Overview

1 Introduction to DeepSeek

Large language models have reshaped how we interact with technology, and this chapter invites you to go beyond using them to actually build one. It frames DeepSeek as a watershed in open-source AI—an openly available model that rivals closed, proprietary systems—and sets the tone for a hands-on journey where theory and code advance together. The chapter introduces the goals of the book, explains why DeepSeek is the ideal case study, and previews the path you will take to understand and implement its most important ideas.

At the core of DeepSeek’s leap are four technical pillars: Multi-Head Latent Attention (MLA) to relieve attention’s speed and memory bottlenecks, a Mixture-of-Experts (MoE) layer to expand capacity efficiently, Multi-Token Prediction (MTP) to accelerate learning and inference, and FP8 quantization to push compute and memory efficiency. These are complemented by an optimized training pipeline that overlaps tasks to maximize hardware utilization and a post-training recipe that layers reinforcement learning, rejection sampling, and fine-tuning to instill strong reasoning skills. The chapter also highlights DeepSeek-R1’s headline results—top-tier benchmark performance at markedly lower training cost—and the team’s commitment to democratization through open weights and distilled checkpoints from small (1.5B) to large (70B) models.

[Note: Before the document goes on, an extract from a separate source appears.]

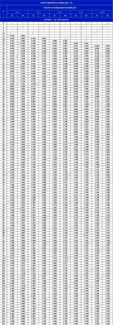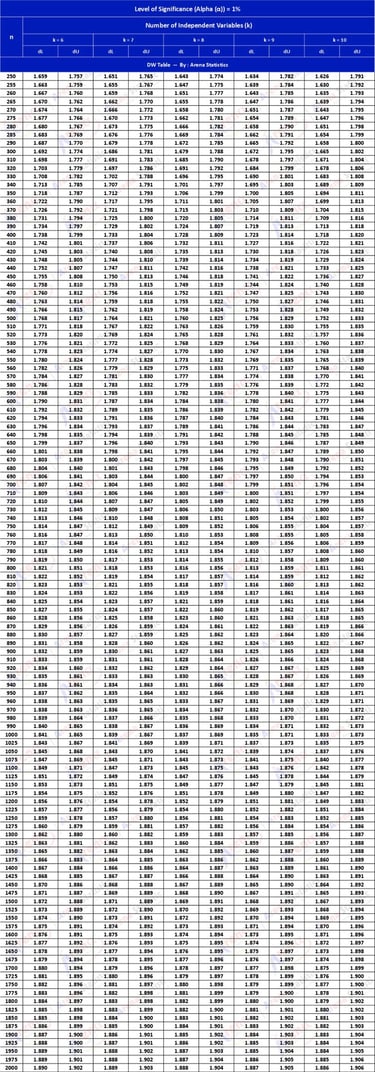 DW Tabel dengan Alpha 1% ; observasi (n) = 250 - 2000 ; k = 6 - 10

The book is organized into four stages: foundational inference mechanics (including the KV cache), architectural advances (MLA and MoE), training efficiency (MTP, FP8, and pipeline scheduling), and post-training methods (supervised fine-tuning, RL, and distillation). You will learn to reason from first principles and implement each component, but the scope stops short of reproducing proprietary data, training trillion-token corpora, or production-scale serving. To follow along, you should be comfortable with Python, basic deep learning and PyTorch, and have a general grasp of transformers; a CPU is sufficient for most exercises, while a single consumer GPU (8–12 GB VRAM) makes experimentation smoother. Overall, the chapter sets expectations, tools, and mindset for building a mini-DeepSeek and understanding modern LLM design end to end.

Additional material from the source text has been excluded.